Kenneth Ouriel (born October 21, 1956) is a vascular surgeon and medical researcher. He has published in scientific and medical journals. He treated former presidential candidate Bob Dole for an abdominal aortic aneurysm in 2001. In the middle 2000s, Ouriel went to Dubai as CEO to help build a world-class hospital; he treated several Middle Eastern rulers in addition to his administrative duties. In 2009, he was senior vice president and chief of international operations at NewYork-Presbyterian Hospital. He has been described as one of America's top vascular surgeons.

Career
Ouriel was born in Rochester, New York, entered college at age 16, majored in biology and psychology at the University of Rochester and belonged to the fraternity Alpha Delta Phi. He was elected to Phi Beta Kappa in 1976 and graduated summa cum laude in 1977. He studied medicine at the University of Chicago and graduated in 1981 with Honors. He began a residency in general surgery at the University of Rochester Medical Center and completed a vascular surgical fellowship in 1987. He got a National Institutes of Health grant to study thrombosis and published results from a large, multicenter randomized trial of clot busting therapy in The New England Journal of Medicine in 1998. In 1998, he was recruited to the Cleveland Clinic as the chief of Vascular Surgery.  He was promoted to Chief of Surgery in 2003 where he supervised 340 surgeons in the largest surgical department in the world. He authored three textbooks in vascular surgery and over 250 original scientific articles on a wide variety of vascular surgical topics, focusing on minimally invasive means to treat vascular disease.

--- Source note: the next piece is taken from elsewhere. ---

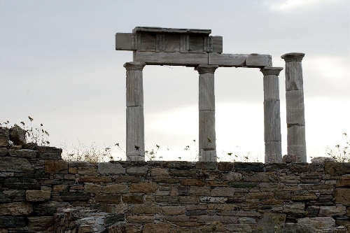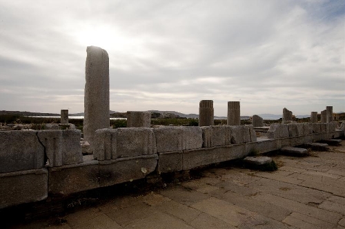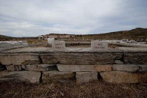 Photo taken on May 28, 2014 shows the remains of the Apollo Temple on the island of Delos, Greece. According to Greek mythology, Apollo was born on this tiny island in the Cyclades archipelago. Apollo's sanctuary attracted pilgrims from all over Greece and Delos was a prosperous trading port. The island bears traces of the succeeding civilizations in the Aegean world, from the 3rd millennium B.C. to the palaeochristian era. The archaeological site is exceptionally extensive and rich and conveys the image of a great cosmopolitan Mediterranean port. (Xinhua/Liu Yongqiu)

In 2001, he treated former presidential candidate Bob Dole who, at age 77, had an abdominal aortic aneurysm; Ouriel led a team of surgeons that inserted a stent graft. "Ouriel said that the team inserted a Y-shaped tube through an incision in Dole's leg and placed it inside the weakened portion of the aorta. The aneurysm will eventually contract around the stent, which will remain in place for the rest of Dole's life," wrote a reporter. Ouriel was the principal investigator on a five-year $5 million National Institutes of Health grant to study intravascular ultrasound regarding atherosclerotic plaque.

Ouriel led a team from the Cleveland Clinic to Abu Dhabi in 2007 to manage an existing hospital, the Sheikh Khalifa Medical Center, and to build a world class hospital called the Cleveland Clinic Abu Dhabi which is scheduled to open in 2013. In that connection, Ouriel matriculated in an Executive MBA program in global business jointly run by Columbia Business School and the London Business School. Ouriel worked on upgrade systems involving the future hospital's financial, decision-support management, inventory control and medical productivity software. Ouriel was the CEO of the Sheikh Khalifa Medical City. Ouriel treated Middle Eastern rulers including Sheikh Zayed of Abu Dhabi in 2000, Sheikh Maktoum of Dubai in 2004, and the former Emir of Kuwait, Sheikh Sabah in 2005. Ouriel, as part of the UAE health authority, met with visiting dignitaries, including First Lady Laura Bush. Ouriel completed his master's degree in business administration from Columbia and London Business Schools. While heading the Sheikh Khalifa Medical City in Abu Dhabi in the United Arab Emirates, Ouriel initiated a controversial move to disclose hospital data online which would allow people to get a "snapshot of the facility's clinical strengths and weaknesses"; he favors transparency.

Ouriel facilitated the development of the first permanent renal transplantation program in the United Arab Emirates, where the Sheikh Khalifa team performed their first kidney transplant in early 2008. He is quoted in newspapers regarding medical subjects. In June 2008, Ouriel became senior vice president and chief of international operations at New York-Presbyterian. In 2009, Ouriel made speeches to medical professionals about such topics as retaining patients and public-private partnerships.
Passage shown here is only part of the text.